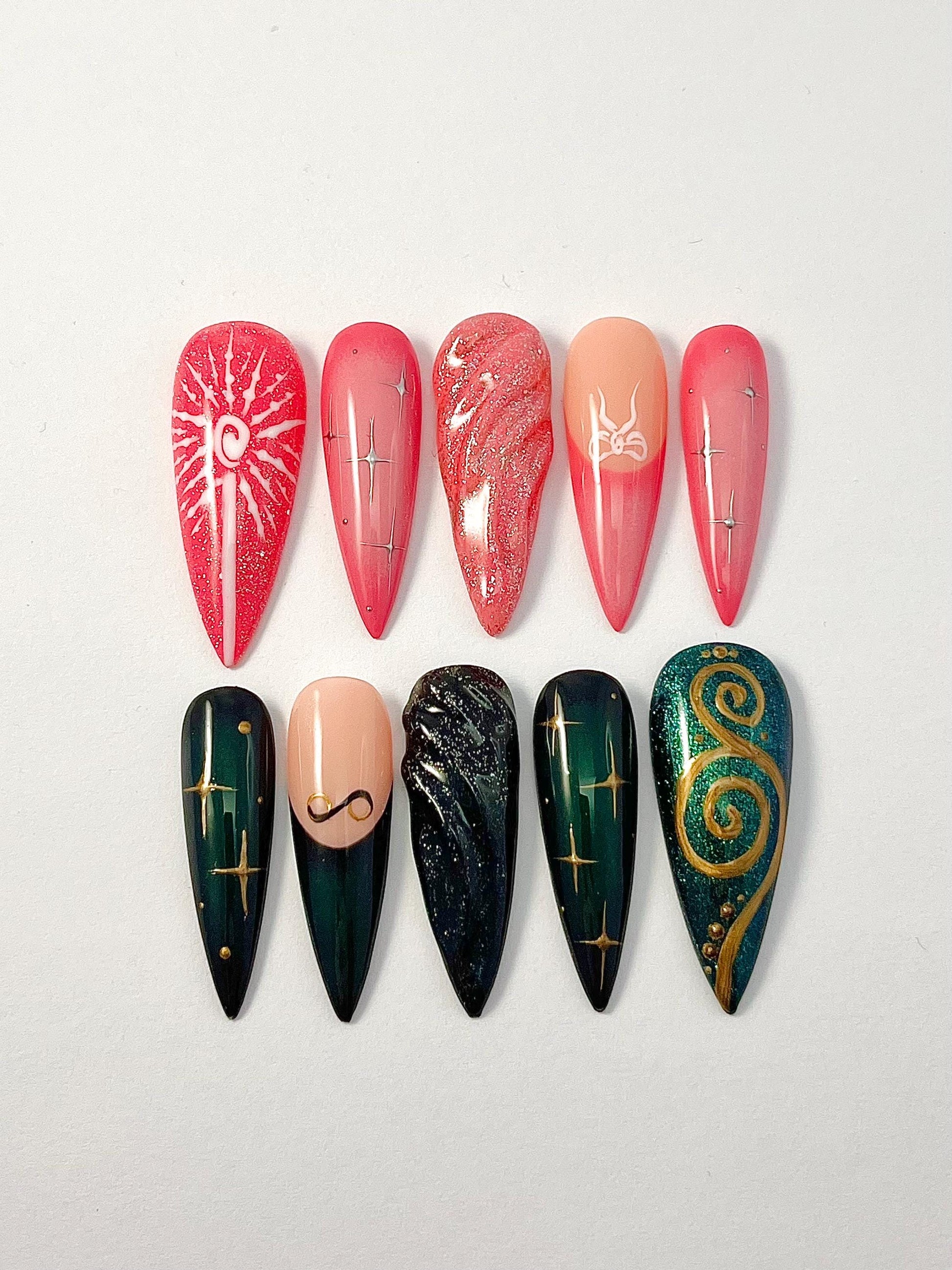 Elphaba & Glinda Wicked Inspired – Custom Handmade Press-On Nails
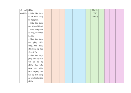 Số câu hỏi ở các mức độ đánh giá Nội TNKQ dung/ Tự luận Chủ đề/ Nhiều lựa chọn “Đúng – Sai” Trả lời ngắn TT đơn vị Yêu cầu cần đạt Chương Vận kiến Vận Vận Biế Vận Biết Hiểu dụn Biết Hiểu Biết Hiểu Hiểu thức dụng dụng t dụng g 1 Số tự
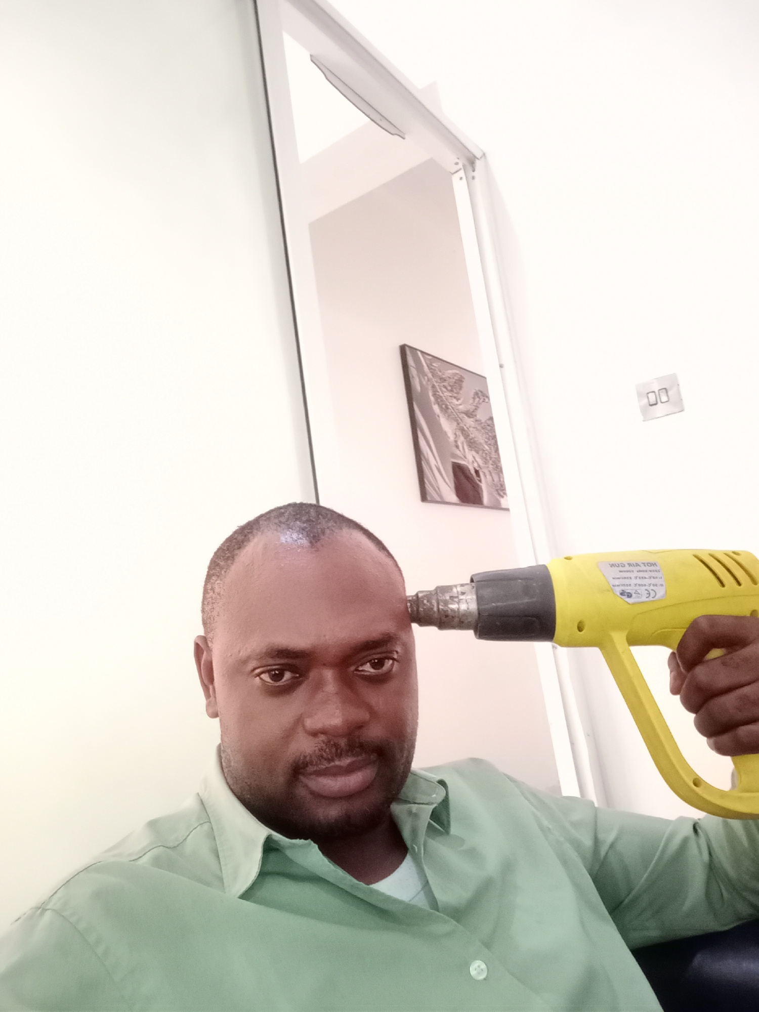 A man of African descent is depicted in a close-up, chest-up shot, holding a bright yellow heat gun to his forehead. He wears a light green collared shirt and has short dark hair and a beard, looking…read more
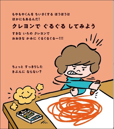 ネガティブな感情を忘れるほど夢中になれる遊びや作業に没頭する“フロー体験”もおすすめです。クレヨンで紙にぐるぐると思う存分書きなぐるだけでもOK。
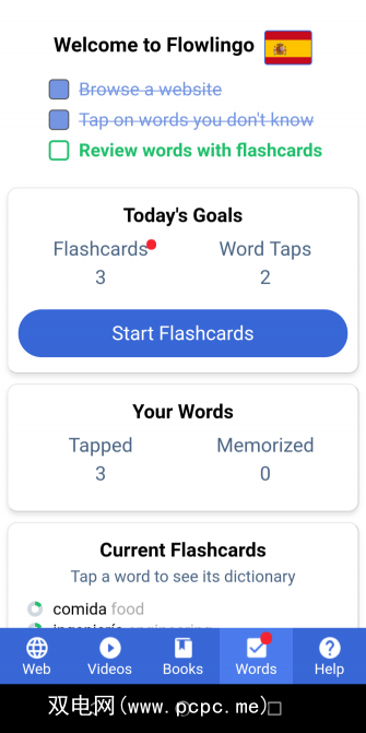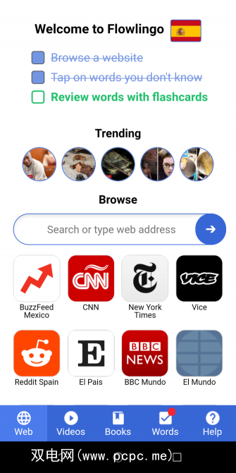 Flowlingo使用沉浸技术来帮助您学习语言。您会找到用于网站,视频,音乐,书籍的单个标签,以及一个用于学习单词的标签。选择目标语言后,该语言会显示很多内容。例如,它包括从BuzzFeed,CNN,Wikipedia等指向流行网站的链接。
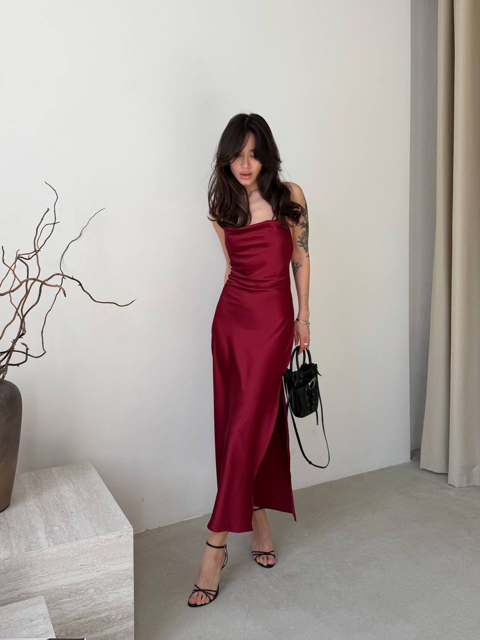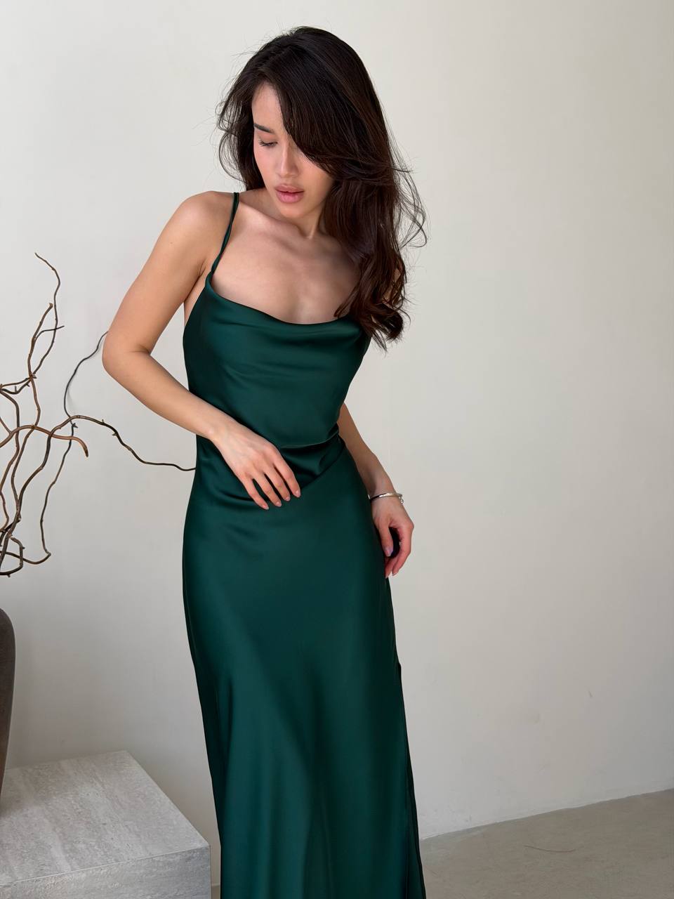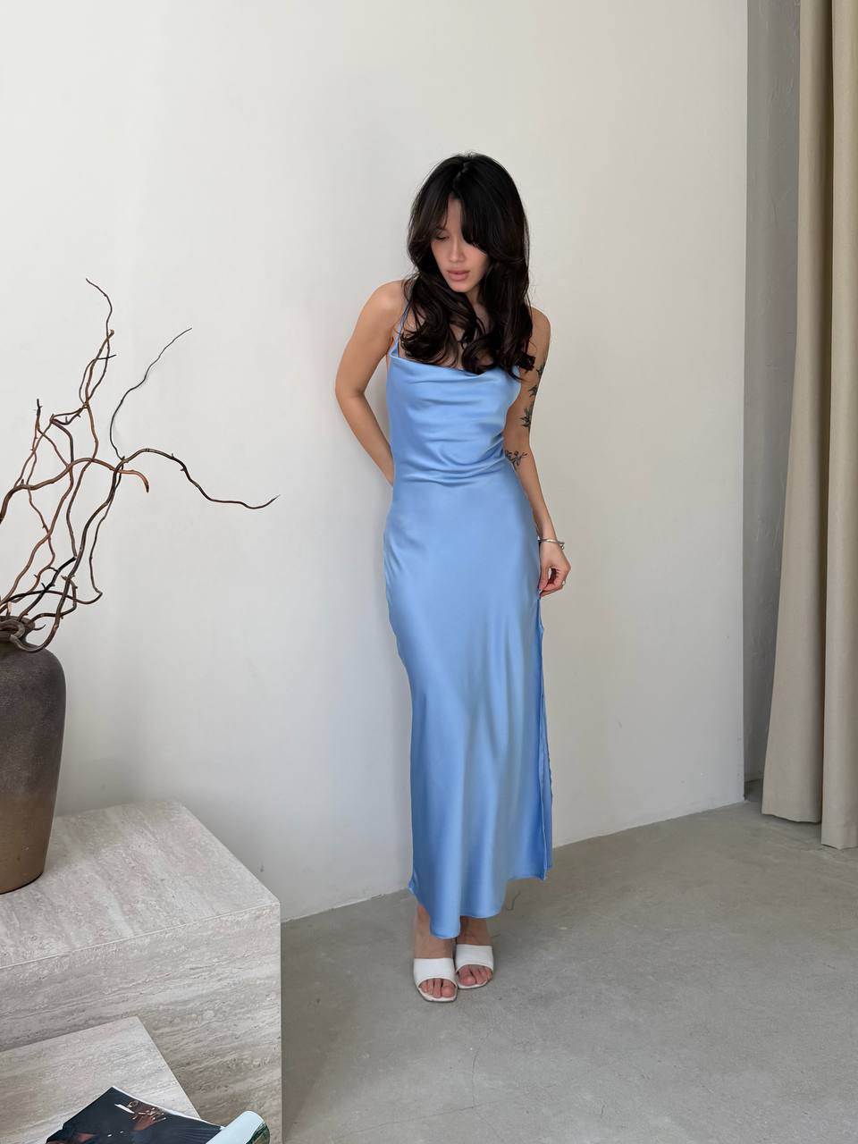 - Шелковое платье на бретельках
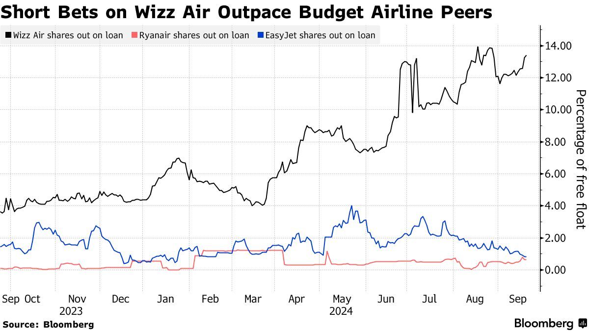 智通财经APP获悉,随着消费者削减支出、旅游业前景趋弱,空头正押注廉价航空公司Wizz Air Holdings(WZZAF.US)的境况将比其欧洲同行更糟糕。标普全球市场情报公司的最新数据显示,Wizz Air Holdings的流通股中有13%被做空,相比之下,其竞争对手易捷航空(ESYJY.US)和瑞安航空(RYAAY.US)的流通股中被做空的占比均不到1%。
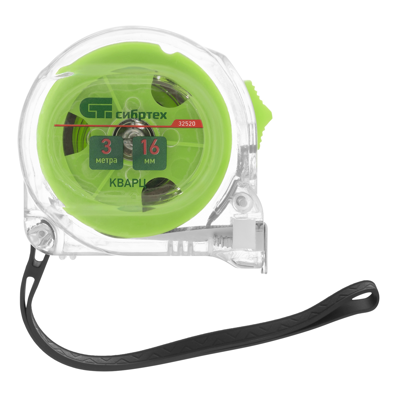 Рулетка Кварц,прозрачный корпус,амортизатор,3 м х 16 мм Сибртех в Москве
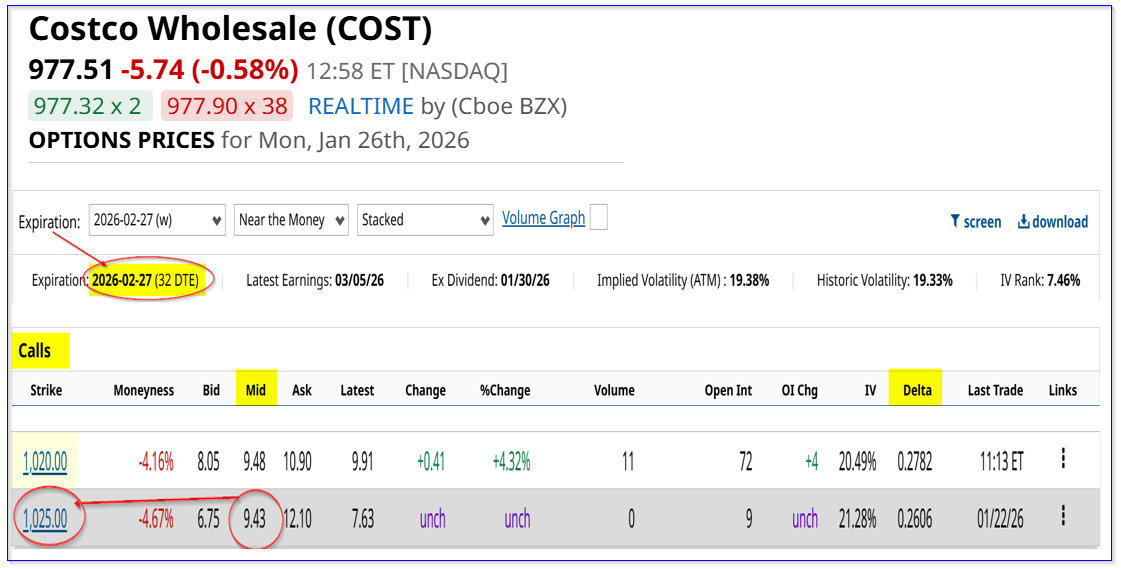 For example, using a covered call OTM call strategy (i.e., assuming COST won't rise much further over the next month), an investor could short the Feb. 27, 2026, $1,025 call option at the midpoint of $9.43.

┄┄┄┄┄┄

▶ [DESCRIPTION OF THE TASK]
All lines above between the line that contains "A man of African" and the last line of the entries, both included, must be transcribed exactly. No pictures are to appear.

▶ [RESULT FOR THIS TASK]
 A man of African descent is depicted in a close-up, chest-up shot, holding a bright yellow heat gun to his forehead. He wears a light green collared shirt and has short dark hair and a beard, looking…read more
 ネガティブな感情を忘れるほど夢中になれる遊びや作業に没頭する“フロー体験”もおすすめです。クレヨンで紙にぐるぐると思う存分書きなぐるだけでもOK。
 Flowlingo使用沉浸技术来帮助您学习语言。您会找到用于网站,视频,音乐,书籍的单个标签,以及一个用于学习单词的标签。选择目标语言后,该语言会显示很多内容。例如,它包括从BuzzFeed,CNN,Wikipedia等指向流行网站的链接。
 - Шелковое платье на бретельках
 智通财经APP获悉,随着消费者削减支出、旅游业前景趋弱,空头正押注廉价航空公司Wizz Air Holdings(WZZAF.US)的境况将比其欧洲同行更糟糕。标普全球市场情报公司的最新数据显示,Wizz Air Holdings的流通股中有13%被做空,相比之下,其竞争对手易捷航空(ESYJY.US)和瑞安航空(RYAAY.US)的流通股中被做空的占比均不到1%。
 Рулетка Кварц,прозрачный корпус,амортизатор,3 м х 16 мм Сибртех в Москве
 For example, using a covered call OTM call strategy (i.e., assuming COST won't rise much further over the next month), an investor could short the Feb. 27, 2026, $1,025 call option at the midpoint of $9.43.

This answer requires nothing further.